Stepping Up To Success!

March 31, 2015

How many steps should I be taking? How many steps do other people get each day? How many steps per day does the average American take?

Adults should aim to take 10,000 steps each day. For children and teenagers, The American College of Sports Medicine recommends 12,000 steps per day. Research published in Medicine & Science in Sports & Exercise in 2004 showed a wide variation in the average step count of the 200 men and women who participated. The men surveyed averaged 7192 steps per day; women averaged 5210 steps each day.

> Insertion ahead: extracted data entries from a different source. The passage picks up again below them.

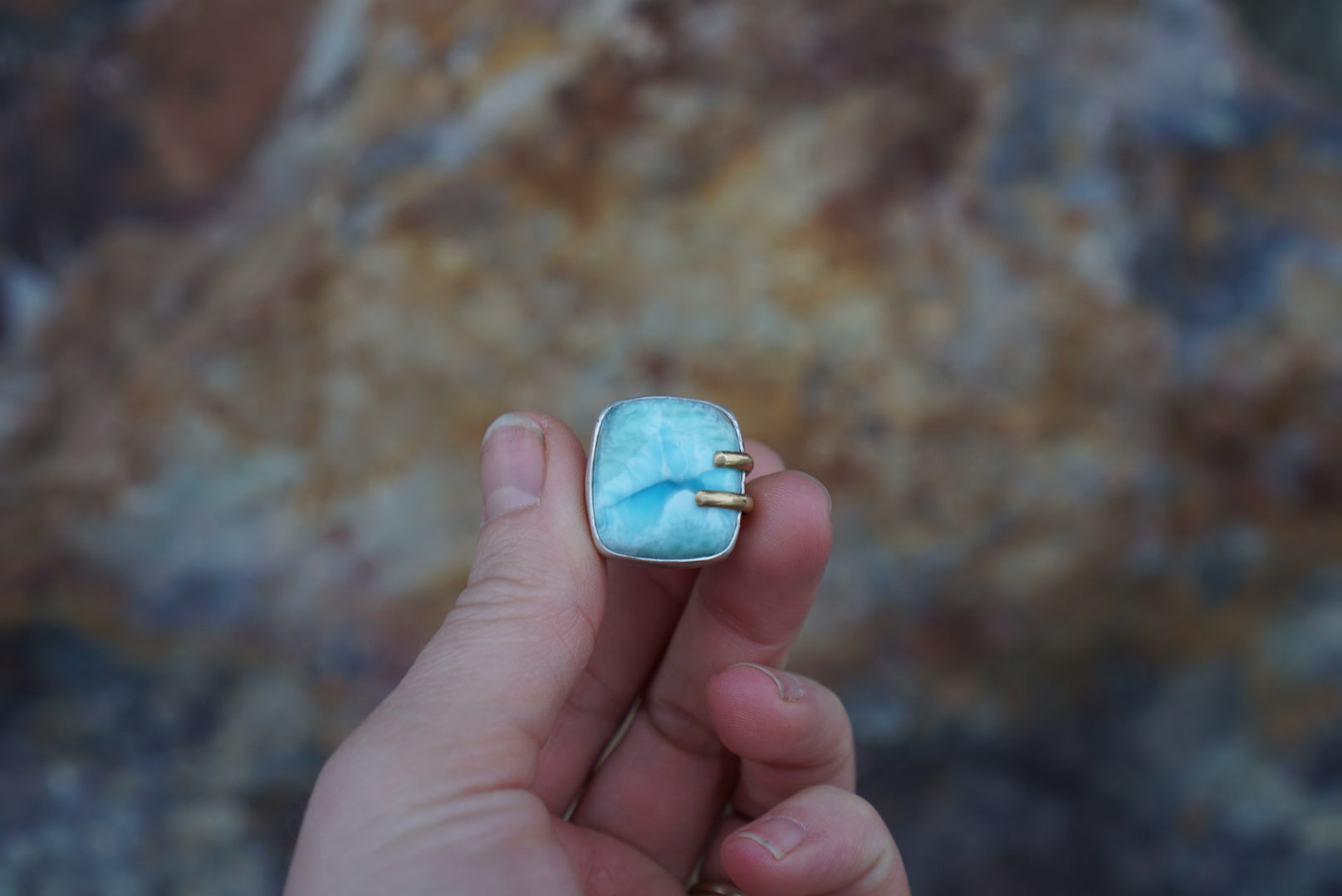 A beautiful thick hunk of raw ocean blue Larimar is simply set in reclaimed and recycled sterling silver with two brass talon claws gripping the right side. Finished with a chunky half round ring band. Rustic glowing finish. This ring best fits a size 6.25.
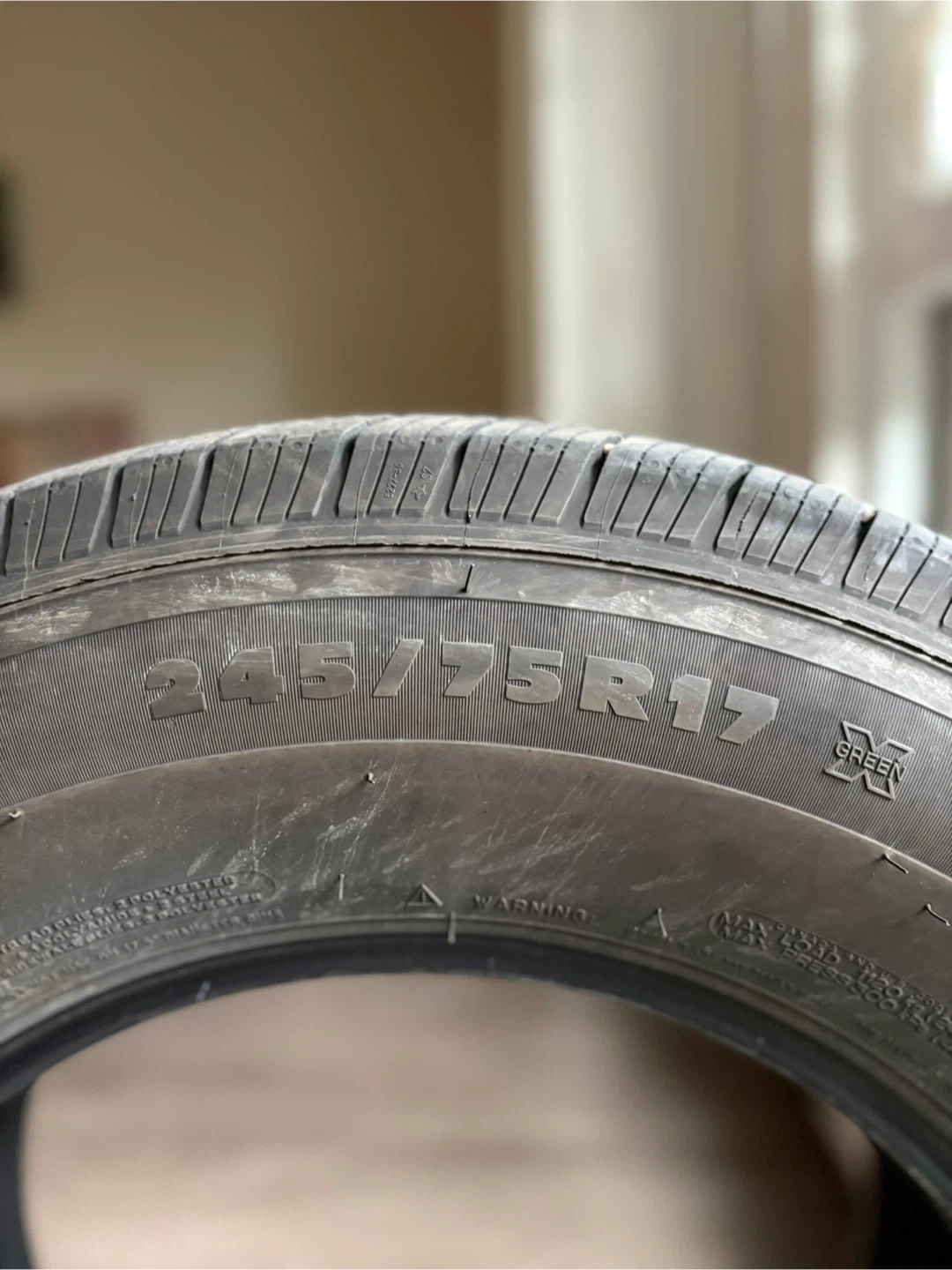 Michelin LTX M/S2 tire with a size of 245/75R17. Selling all 5 tires, perfect for replacing a damaged or worn one. It's a reliable choice for your vehicle.
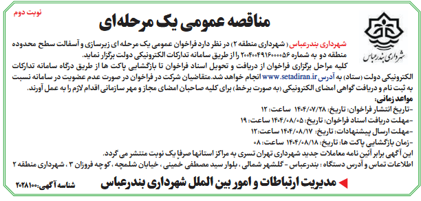 شهرداری بندرعباس ( شهرداری منطقه 2) در نظر دارد فراخوان عمومی یک مرحله ای زیرسازی و آسفالت سطح محدوده منطقه دو به شماره 2004004916000056 را از طریق سامانه تدارکات الکترونیکی دولت برگزار نماید.
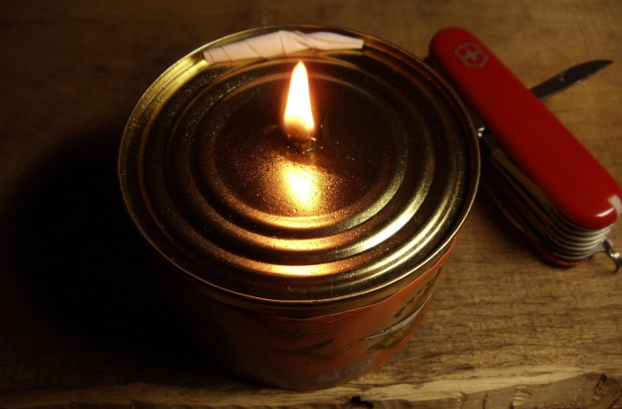 Этот способ похож на предыдущий, только вместо картофелины берем жестяную банку от консервов, в крышке проделываем отверстие шилом, вставляем в него фитиль. Его можно сделать из разных материалов: бинта, ваты, тряпочки, ниток, шнурка и т.д. В емкость наливается масло и свеча готова.
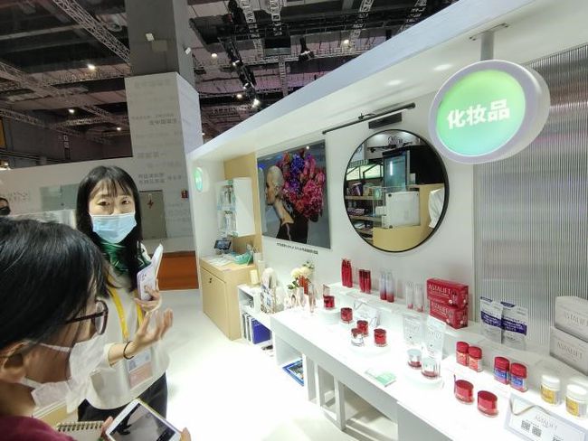第四届进博会现场,富士胶片展台一隅吸引了很多女性参观者,原来她们在试用富士胶片的ASTALIFT艾诗缇护肤品。
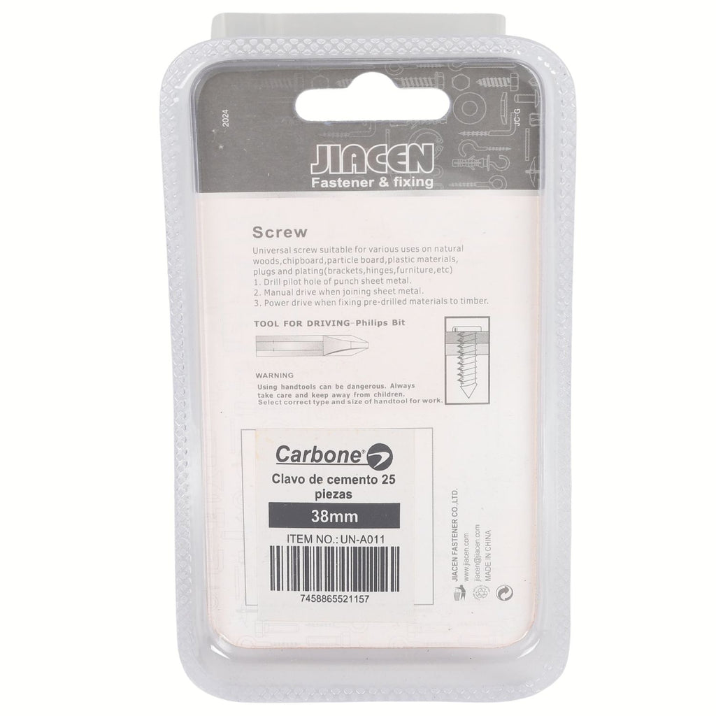 Clavos de cemento 38mm Punta Afilada Hierro resistente ideal para concreto Set 25 piezas.
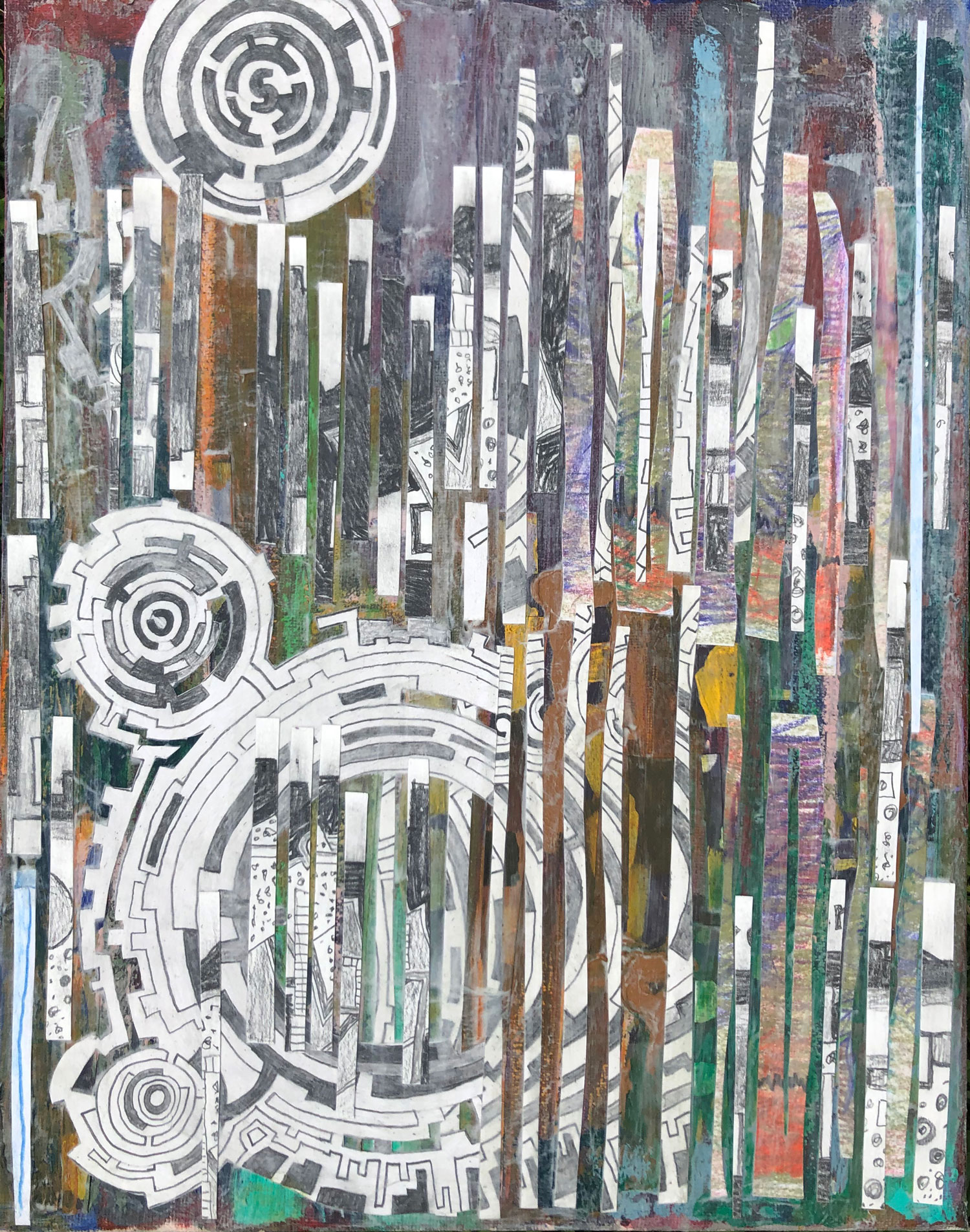 Collisions, 11″ x 14″, Mixed Media, 2020
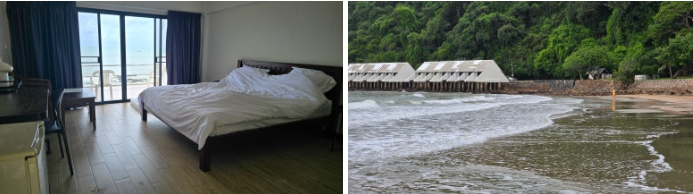 왕깨우 리조트에는 대형 빌라부터 텐트형 숙소까지 다양한 옵션이 있고, ‘촘탈레’라는 숙소는 바다 위에 떠 있는 듯한 구조로 지어져 있다. 그냥 침대있고, 별 시설 없지만 바다위에 떠 있는 느낌이랄까?
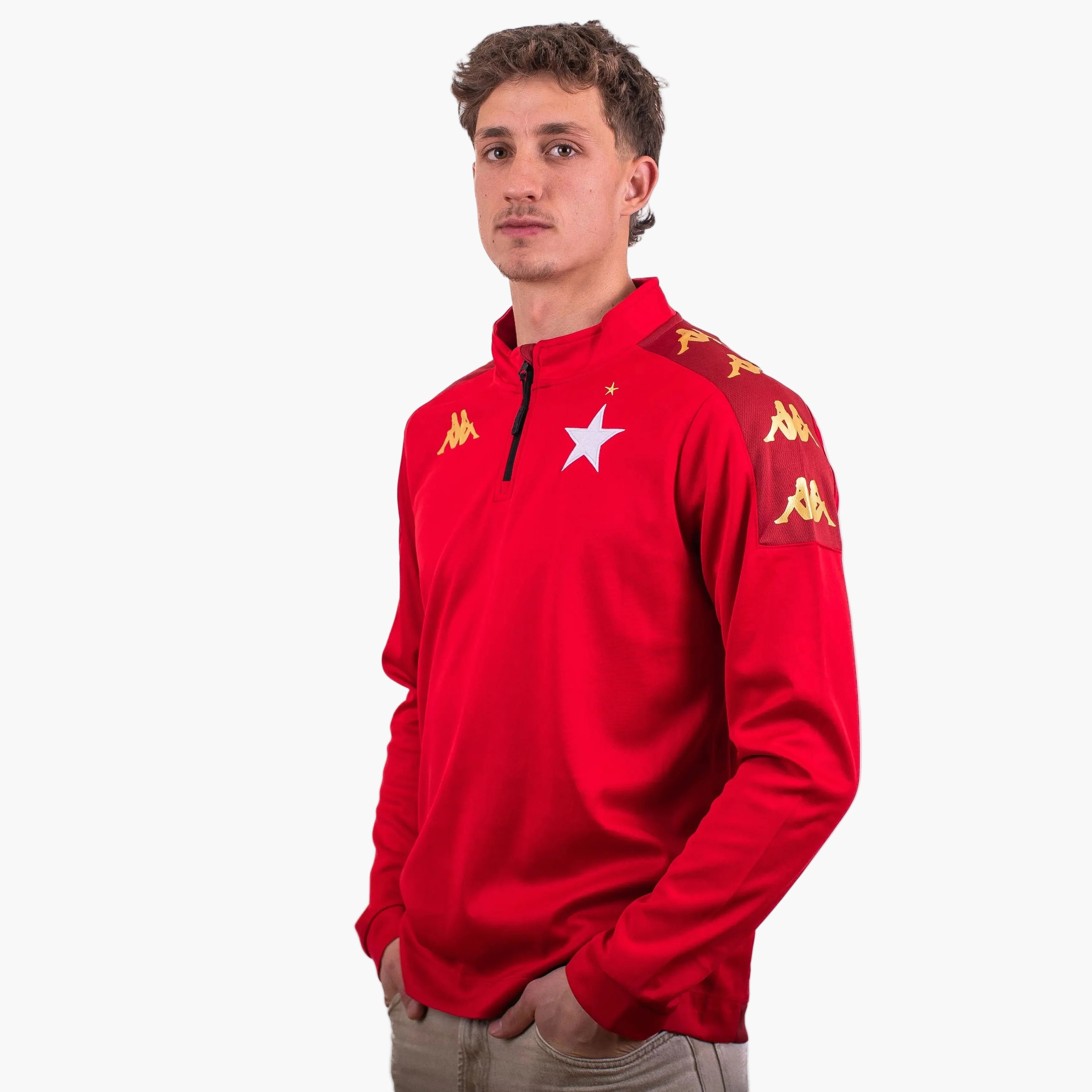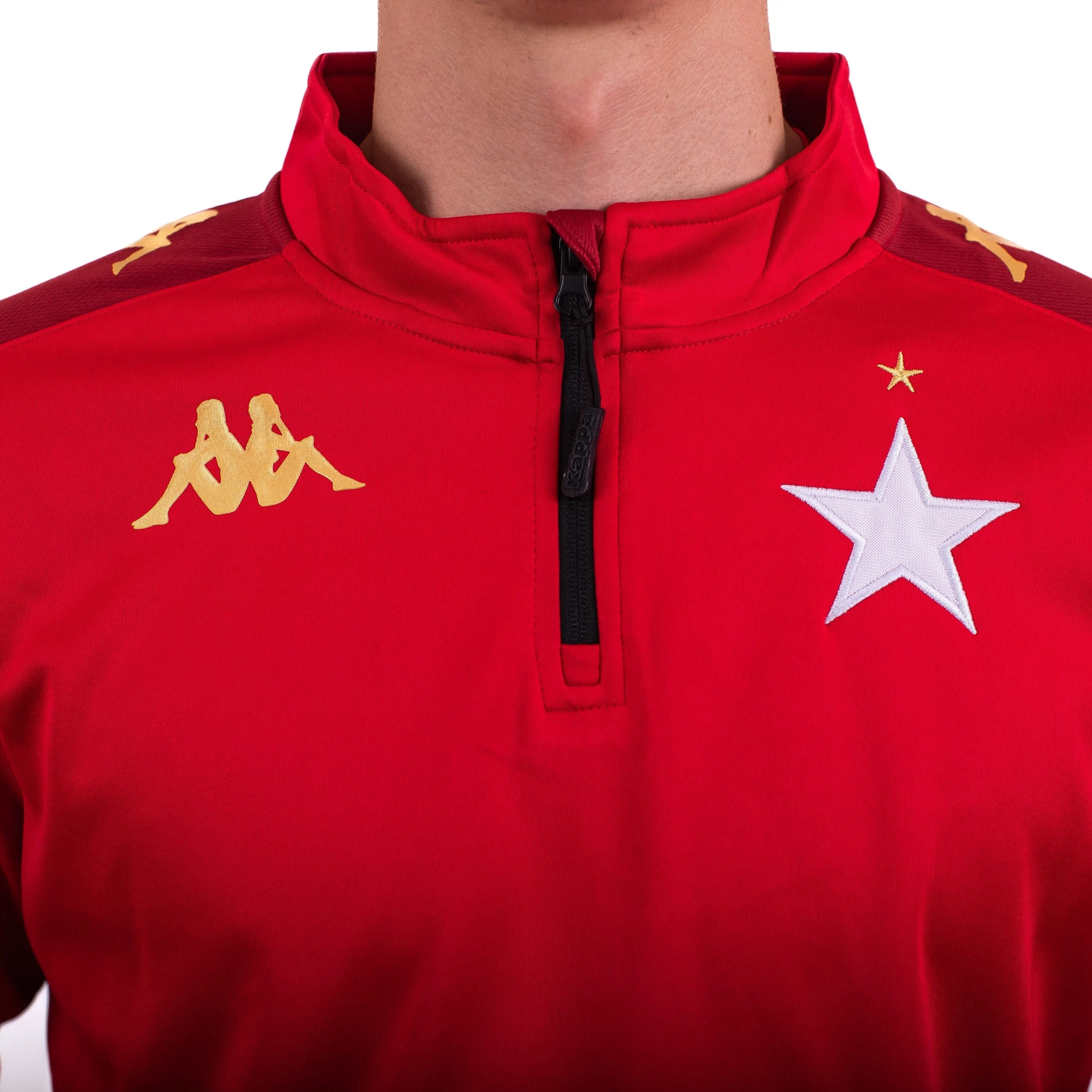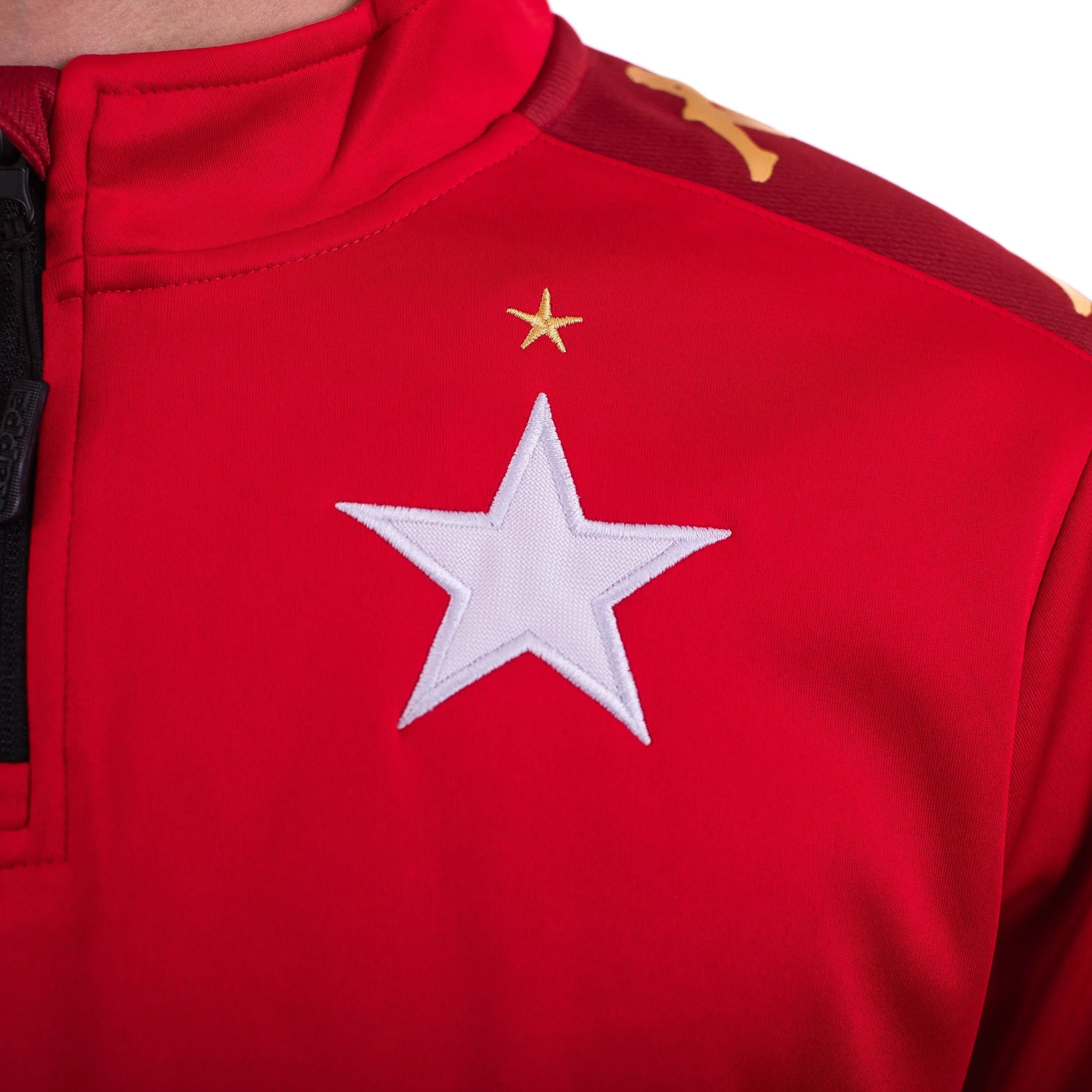The Kappa GASSOLO training sweatshirt – red is a must-have wardrobe item for every Wisła Kraków fan, combining club pride with sporty comfort. Designed for intense training sessions and everyday wear, this Kappa sweatshirt stands out with its distinctive style, durable materials and practical details that make every moment on the pitch or away from the stadium special. With its vivid red color and contrasting details, the sweatshirt catches the eye and emphasizes your connection to the club. A prominent white star motif appears on the chest, while subtle gold Kappa accents on the shoulders highlight the sporty character of the garment. The cut is designed to provide freedom of movement during training while still looking great in your free time.

Once you have a pedometer or fitness tracker, wear it for a few days to determine a baseline. Make a note of the average number of steps you are taking on a daily basis. For example, you walk 3,100 on Day #1, 2,800 on Day #2, and on Day #3 you walk 3,400 steps; the average of these days is 3,100 steps per day. This is your starting point- continue to aim for at least this many steps every day.

Start Setting Goals. Now that you have a starting point, you can start to create a short term goal. For example, you may want to add 1,000 steps to your daily count. You can do this by planning to walk for 10 minutes chunks of time throughout your day. Once you achieve your short term goal, create a new one!

Some ways to add more steps into your day include: taking the stairs, parking farther away, getting off the subway one stop earlier, walking during lunch, taking a lap around the office, taking the dog for a walk in the morning, walking with your spouse after dinner, or walking around the mall on cold/rainy days.

Set your long term goals. Think about setting long term fitness goals; your short term goals are the building blocks to help you achieve your long term goals. Continue to create small goals to help get you closer to your ultimate goal. Maybe you want to walk 5 miles every day. Maybe you want to get more than 10,000 steps. Maybe you want to complete a 5k walk/run (3.1 miles). Maybe you want to increase your walking speed. These are your goals… it’s up to you to set them!

Be sure to track your progress along the way. Some pedometers may have memory features, but for many you will need to record your total number of steps at the end of the day. Simply add it to your calendar or appointment book, create a computer document, or make a note for yourself in your cell phone. Choose what works best for you! Tracking your progress helps you meet your goals and lets you know when it’s time to set new ones.

The take home message is to get up and get moving! Increasing your daily physical activity will definitely benefit your weight loss goals, heart health, and ease of your activities of daily living. Utilizing a pedometer to track your daily activities can assist you in reaching your goals.

Filed Under: News

Walking Your Way To Meet Your Goals!

March 28, 2015

If you are looking to track your daily physical activity in the form of counting steps, then a pedometer may be the best option.

Try it out. If you have ever been curious about how much you are moving throughout the day then wearing a pedometer can answer your question. A pedometer counts your steps for any activity that involves step-like movement. This includes walking, running, stair climbing, and movements as you go about your activities of daily living.

Cheaper than a fitness tracker. If you are only looking to count your daily steps, then a pedometer may be the best option. Fitness trackers do more than count steps which is why they cost more. Generally, the more features it has, the higher the price. A basic pedometer should not cost more than a few dollars. Some of the more expensive ones may include a memory feature or hook up to a computer.

Start making activity goals. The simplest way to start increasing your physical activity is to make small daily step goals. Wear your pedometer for a few days and make a note of how many steps you are currently averaging per day. Once you know your starting point, you can create short term step goals for each day. Your short term goals are the building blocks for your long term goals. Along the way, your small goals will change as you come closer to reaching those bigger goals.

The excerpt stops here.